Venezuela’s Economy under Chavez
Hugo Chavez took office in 1999. Since then, Venezuela’s economy has remained squarely centered on oil production. In 2006, Chavez announced a nationalization of oil fields managed by foreign companies, which resulted in an increase of the government’s shares in these projects from 40 percent to 60 percent. Government officials argue, however, that economic growth efforts are not solely focused on oil. Venezuela’s ambassador to the United States, Bernardo Alvarez Herrera, wrote in a 2006 Foreign Affairs essay that the non-oil sector, which includes mining, manufacturing, and agriculture, grew 10.6 percent in 2005, “indicating an important diversification of the country’s economy.” Yet even if the country is working to diversify,“oil still predominates,” says Miguel Tinker-Salas, a professor of Latin American history at Pomona College.
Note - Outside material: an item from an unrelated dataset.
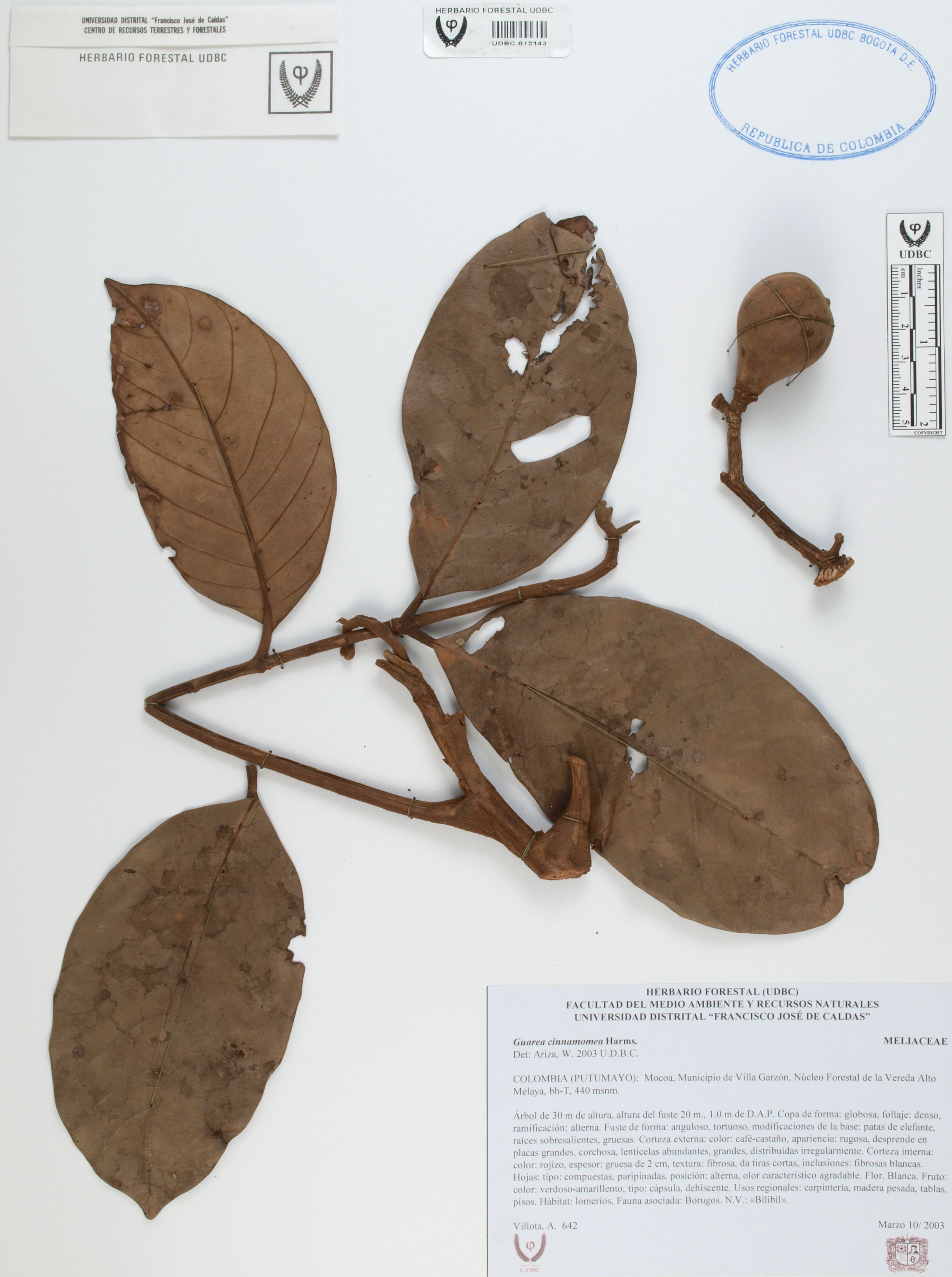 Fotografía del ejemplar Villota, A. 642, determinado como Guarea cinnamomea en el año 2003

In 2002, the Venezuelan economy experienced a significant downturn following a failed military coup to overthrow Chavez and a two-month strike by the state-run oil company PDVSA. The response to the strike—the dismissal of more than seventeen thousand PDVSA employees—resulted in a rapid drop in GDP between 2002 and 2003. In subsequent years, rising international oil prices helped the economy to recover. In 2007, the International Monetary Fund (IMF) estimates, economic growth was 8.4 percent.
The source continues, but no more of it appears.